The invisible shipwrecks of my life are scattered all over this secluded bay with its infamous black sand. They are a sad reminder of all the journeys I was too scared to make. Everyone’s life has uncharted waters—the places and people you didn’t quite manage to find—but when you feel as though you never will, it’s a special kind of sorrow. The unexplored oceans of our hearts and minds are normally the result of a lack of time and trust in the dreams we dreamed as children. But adults forget how to believe that their dreams might still come true.

I want to stop and savor the smell of the ocean, enjoy the feel of the warm afternoon sun on my face and the westerly wind in my hair, but time is a luxury I can no longer afford. I didn’t have very much of it to spend in the first place.
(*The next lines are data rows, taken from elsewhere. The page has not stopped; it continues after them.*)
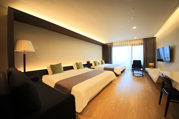 - 이 객실의 더블 베드는 싱글 베드 두 개를 붙여 놓은 객실입니다.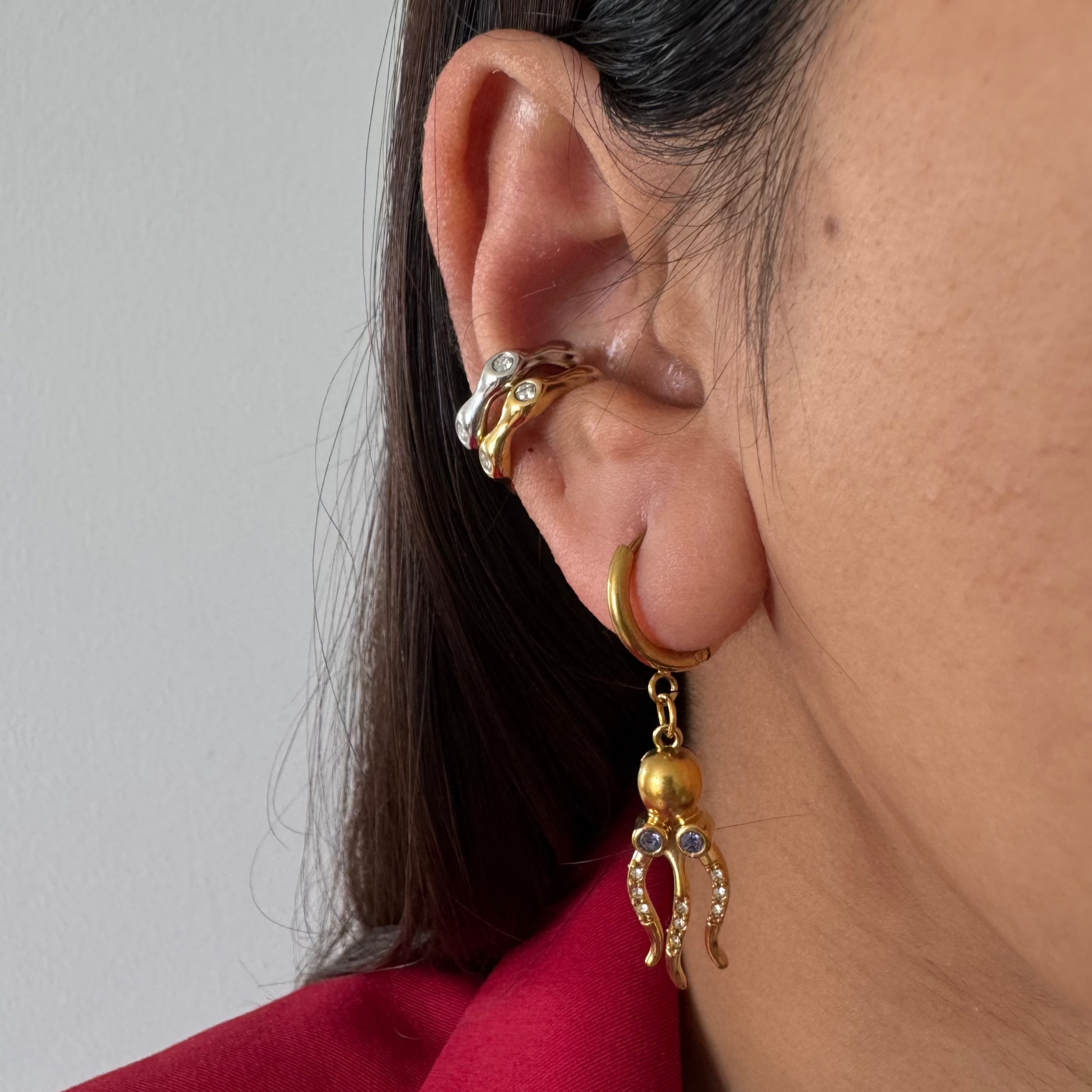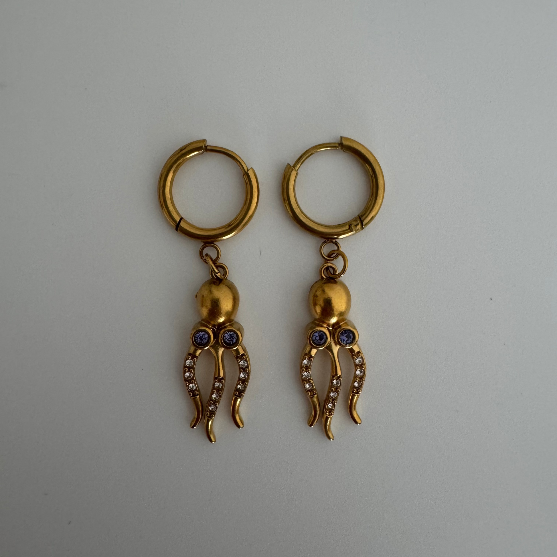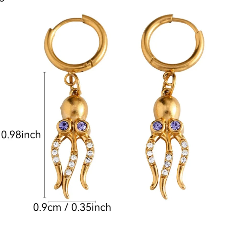 Gold-plated Huggies hoops with crystal-studded octopus charms and lilac gem eyes. Bold, playful, and sea-inspired, for days when your jewelry needs a little personality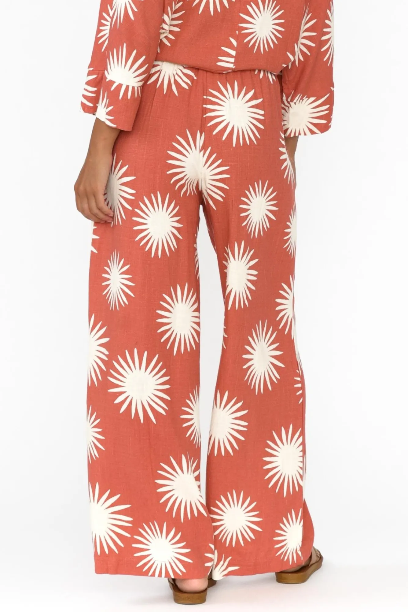 Fit: True To Size. Refer To Size & Fit Tab Below For Specific Size RecommendationNNfabric: 70% Rayon, 30% Linen Nlightweight Fabric Blend With A Soft And Textured Woven Hand Feel Nstretch Waistband With An Adjustable Drawstring For All-Day Comfort Ntwo Handy Hip PocketsNrefined Wide-Leg Silhouette Nstraight Hem Falls To A Full Length Below The Ankles NNcare: Cool Gentle Hand Wash RecommendedNNcolour: Rust Base With A Cream Flower Overlay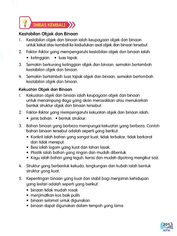 1. Kestabilan objek dan binaan ialah keupayaan objek dan binaan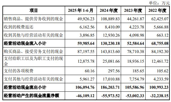2022年、2023年、2024年、2025年1-6月,大普微销售商品、提供劳务收到的现金分别为62,425.07万元、44,261.87万元、108,889.83万元、49,926.23万元;经营活动产生的现金流量净额分别为-32,238.15万元、-53,002.33万元、-55,973.52万元、-46,109.12万元。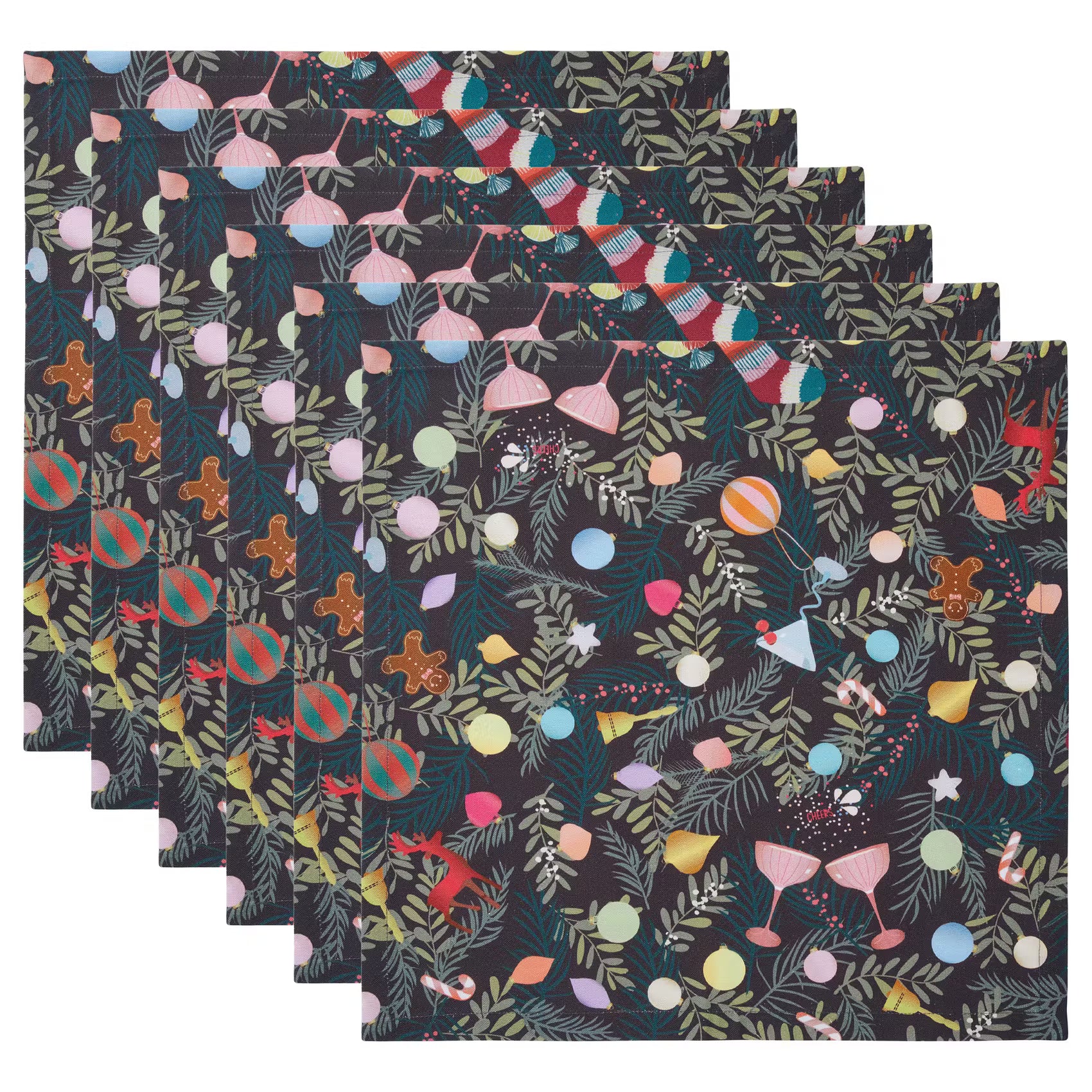 Zuckerstangen, Sterne, Glöckchen und noch vieles mehr: Jede Menge gute Weihnachtslaune tummelt sich auf der Christmas Cheers Serviette 42 x 42 cm aus reiner Baumwolle. Ebenso wie das Dessin ist bei dieser Tischwäsche auch die Mischung aus dunklem Untergrund und farbenfrohen Elementen wunderbar auf die Jahreszeit abgestimmt - für den hübsch gedeckten Tisch im Advent und zur Weihnachtszeit. Tischdecke in weiteren Größen erhältlich, zudem gibt es passende Tischläufer.

So I hurry on, despite the damp sand clinging to the soles of my feet as though trying to stop me in my tracks, and the seagulls that soar and squawk above my head as if trying to warn me away. The sound of their cries translates into words I don’t want to hear inside my head:

Go back. Go back. Go back.

I ignore all the signs that seem to suggest that this visit is a bad idea, and walk a little faster. I want to arrive earlier than the rest of them to see the place as it exists in my memories, before they spoil things. I wonder if other people look forward to seeing their families but dread it at the same time the way I always seem to. It will be fine once I’m there. That’s what I tell myself. Though even the thought feels like a lie.

The wind chimes that hang in the decrepit porch try to welcome me home, with a melancholy melody conducted by the breeze. I made them for my nana one Christmas when I was a child—having collected all the smooth, round pieces of blue and green glass I could find on the beach. She pretended to like the gift, and the seaglass wind chimes have been here ever since. The lies we tell for love are the lightest shade of white.